United States District Court, E.D. North Carolina, Western Division

November 21, 2014

CARLTON JOYNER, Warden, Central Prison, Raleigh, North Carolina, Respondent,


MALCOLM J. HOWARD, Sr., District Judge.

This matter comes before the court upon Petitioner's motion [DE-143] for the appointment of independent counsel ("motion for independent counsel") in light of Juniper v. Davis, 737 F.3d 288 (4th Cir. 2013) and Martinez v. Ryan, ___ U.S. ___, 132 S.Ct. 1309 (2012). On April 28, 2014, the court stayed all proceedings in this matter pending a decision by the Fourth Circuit in Fowler v. Joyner, 753 F.3d 446 (4th Cir. 2014). April 28, 2014 Order [DE-150]. The Fourth Circuit issued a decision in Fowler on June 2, 2014, and Petitioner supplemented his motion for independent counsel with a status report on June 24, 2014 [DE-151]. Respondent filed a response on August 8, 2014 [DE-153], and Petitioner filed a reply on August 14, 2014 [DE-154]. Petitioner further supplemented the instant motion on September 18, 2014 [DE-156]. Accordingly, the matter is now ripe for adjudication.

I. Procedural Background

Petitioner was convicted of, inter alia, two counts of first-degree murder and sentenced to death in the Superior Court of Sampson County, North Carolina. State v. Parker, 350 N.C. 411, 418, 516 S.E.2d 106, 112 (1999). The United States Supreme Court denied certiorari. Parker v. North Carolina, 528 U.S. 1084 (2000). Petitioner's post-conviction Motion for Appropriate Relief was denied on December 29, 2002, and the North Carolina Supreme Court denied his Petition for Writ of Certiorari. Parker v. Branker, No. 5:03-HC-966-H, 2008 WL 859002, at *3 (E.D. N.C. Mar. 31, 2008). On December 24, 2003, Parker filed a petition for writ of habeas corpus pursuant to 28 U.S.C. § 2254 with this court. Pet. [DE-1]. That petition was dismissed on March 31, 2008. Parker, No. 5:03-HC-966-H, 2008 WL 859002, at *15. However, on April 8, 2009, the Fourth Circuit remanded the case to this court with instructions to hold an evidentiary hearing. [DE-92], p. 4.[1]

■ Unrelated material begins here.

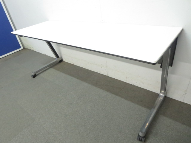 【KS】【フレキシブルに使える便利アイテム!】■オカムラ製 サイドフォールドテーブル W1800×D600mm 幕板付 ホワイト A00859859- 茨城南店
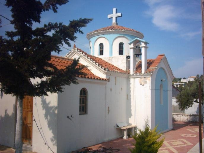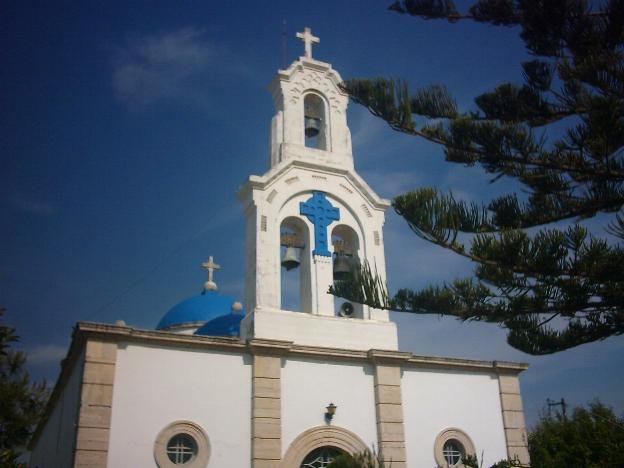 Het verhaal gaat dat deze mooie kerk met zijn blauwe koepels is gebouwd door vijf ongetrouwde zussen en dat elk van hen een van de koepels heeft gebouwd. Een bordje leid je vanaf de hoofdweg een straat in, maar daarna wordt het eindeloos zoeken, want dit is dan ook het enige bordje dat de Grieken hebben neergezet. Het feit dat ik de kerk na tien minuten lopen heb gevonden was dan ook puur geluk. Misschien is het handig om het aan de bewoners van het dorp te vragen als je er bent. Je moet door een aantal straten lopen met vervallen huizen, want de kerk ligt wat buiten het centrum van het dorp. Behave drie Byzantijnse kerken zijn er in het dorp nog een aantal andere mooie kerken. |

During his direct appeal and state post-conviction proceedings, Petitioner was represented by James B. Craven III and Brenda D. Unti. Mot. [DE-4], p. 1, ¶ 3. On February 9, 2004, Mr. Craven and Ms. Unti were also appointed to represent Petitioner with respect to the instant petition. February 9, 2004 Order [DE-8]. On September 1, 2004, Mr. Craven filed a motion requesting the appointment of co-counsel, indicating that Ms. Unti was "moving to Alaska and will no longer be in private practice." Mot. [DE-15], p. 1, ¶ 2. This request was allowed on October 19, 2004. Specifically, Ms. Unti was permitted to withdraw from the case and Mary Jude Darrow was appointed as co-counsel. October 19, 2004 Orders [DE-16, 17]. On January 24, 2007, Mr. Craven noted that Ms. Unti had returned to North Carolina and resumed her private practice. Mot. [DE-33], p. 1, ¶ 3. Accordingly, he requested that Ms. Darrow be permitted to withdraw from the case and that Ms. Unti be re-appointed. Id. at p. 2. Those requests were allowed on January 30, 2007. January 30, 2007 Order, [DE-39]. Thus, Ms. Darrow was co-counsel in this case from October 19, 2004 until January 30, 2007. Mot. [DE-154], p. 2, ¶ 10. Notably, "[h]er participation in the case was at all times subordinate to lead counsel [Mr.] Craven.. and consisted for the most part of document review." Id. Moreover, Mr. Craven also notes that "[t]his is the only capital habeas case in which [Ms. Darrow] has appeared as counsel." Id. ¶ 11.

II. Analysis

Petitioner filed the instant motion for Martinez counsel on January 10, 2014. Mot. [DE-143]. Ordinarily, a federal habeas petitioner is procedurally barred from obtaining review of a claim if he failed to raise and exhaust the claim in state court first. See Coleman v. Thompson, 501 U.S. 722, 750 (1991); Wainwright v. Sykes, 433 U.S. 72, 84-85 (1977). Under this doctrine, habeas review of the otherwise procedurally defaulted claim is allowed only if the petitioner can demonstrate (1) cause for the default and prejudice resulting therefrom or (2) that the failure to consider the claim will result in a fundamental miscarriage of justice. See Coleman, 501 U.S. at 750. In some circumstances, a petitioner may establish cause if he was represented by counsel whose performance was constitutionally ineffective under the standards established in Strickland v. Washington, 466 U.S. 668 (1984). See Coleman, 501 U.S. at 752; Murray v. Carrier, 477 U.S. 478, 488 (1986). In Coleman, however, the Supreme Court held that because "[t]here is no constitutional right to an attorney in state postconviction proceedings, " a federal habeas "petitioner cannot claim constitutionally ineffective assistance of counsel in such proceedings" to establish cause. 501 U.S. at 752.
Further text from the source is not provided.